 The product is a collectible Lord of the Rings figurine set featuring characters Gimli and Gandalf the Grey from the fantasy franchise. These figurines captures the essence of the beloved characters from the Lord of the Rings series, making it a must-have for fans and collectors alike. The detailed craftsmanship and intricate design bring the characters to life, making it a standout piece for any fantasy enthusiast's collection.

--

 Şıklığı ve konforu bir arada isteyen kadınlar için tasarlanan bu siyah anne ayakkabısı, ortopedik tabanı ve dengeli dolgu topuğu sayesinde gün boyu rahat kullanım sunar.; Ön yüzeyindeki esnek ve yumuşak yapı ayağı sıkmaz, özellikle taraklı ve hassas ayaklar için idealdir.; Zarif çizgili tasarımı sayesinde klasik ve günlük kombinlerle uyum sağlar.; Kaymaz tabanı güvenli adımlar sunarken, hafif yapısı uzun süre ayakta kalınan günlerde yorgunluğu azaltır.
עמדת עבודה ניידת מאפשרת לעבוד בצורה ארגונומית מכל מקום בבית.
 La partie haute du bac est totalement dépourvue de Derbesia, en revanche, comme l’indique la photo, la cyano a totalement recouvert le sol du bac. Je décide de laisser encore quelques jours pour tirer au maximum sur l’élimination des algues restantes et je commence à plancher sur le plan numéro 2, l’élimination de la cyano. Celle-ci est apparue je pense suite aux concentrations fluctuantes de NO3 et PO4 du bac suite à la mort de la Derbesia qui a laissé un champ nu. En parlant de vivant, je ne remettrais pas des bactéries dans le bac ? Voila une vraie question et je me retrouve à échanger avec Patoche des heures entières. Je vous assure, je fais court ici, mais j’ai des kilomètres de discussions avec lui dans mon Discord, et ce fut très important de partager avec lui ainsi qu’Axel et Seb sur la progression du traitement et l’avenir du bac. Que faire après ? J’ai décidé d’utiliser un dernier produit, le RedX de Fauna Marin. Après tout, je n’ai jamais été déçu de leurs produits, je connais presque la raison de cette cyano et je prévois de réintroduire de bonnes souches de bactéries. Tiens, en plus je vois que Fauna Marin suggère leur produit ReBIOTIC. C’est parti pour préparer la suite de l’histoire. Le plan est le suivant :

## INSTRUCTIONS FOR THE TASK
All that is wanted is an exact copy of the lines above from the one with "Şıklığı ve konforu" through the one with "עמדת עבודה ניידת", with both ends included.

## ANSWER BOX
 Şıklığı ve konforu bir arada isteyen kadınlar için tasarlanan bu siyah anne ayakkabısı, ortopedik tabanı ve dengeli dolgu topuğu sayesinde gün boyu rahat kullanım sunar.; Ön yüzeyindeki esnek ve yumuşak yapı ayağı sıkmaz, özellikle taraklı ve hassas ayaklar için idealdir.; Zarif çizgili tasarımı sayesinde klasik ve günlük kombinlerle uyum sağlar.; Kaymaz tabanı güvenli adımlar sunarken, hafif yapısı uzun süre ayakta kalınan günlerde yorgunluğu azaltır.
עמדת עבודה ניידת מאפשרת לעבוד בצורה ארגונומית מכל מקום בבית.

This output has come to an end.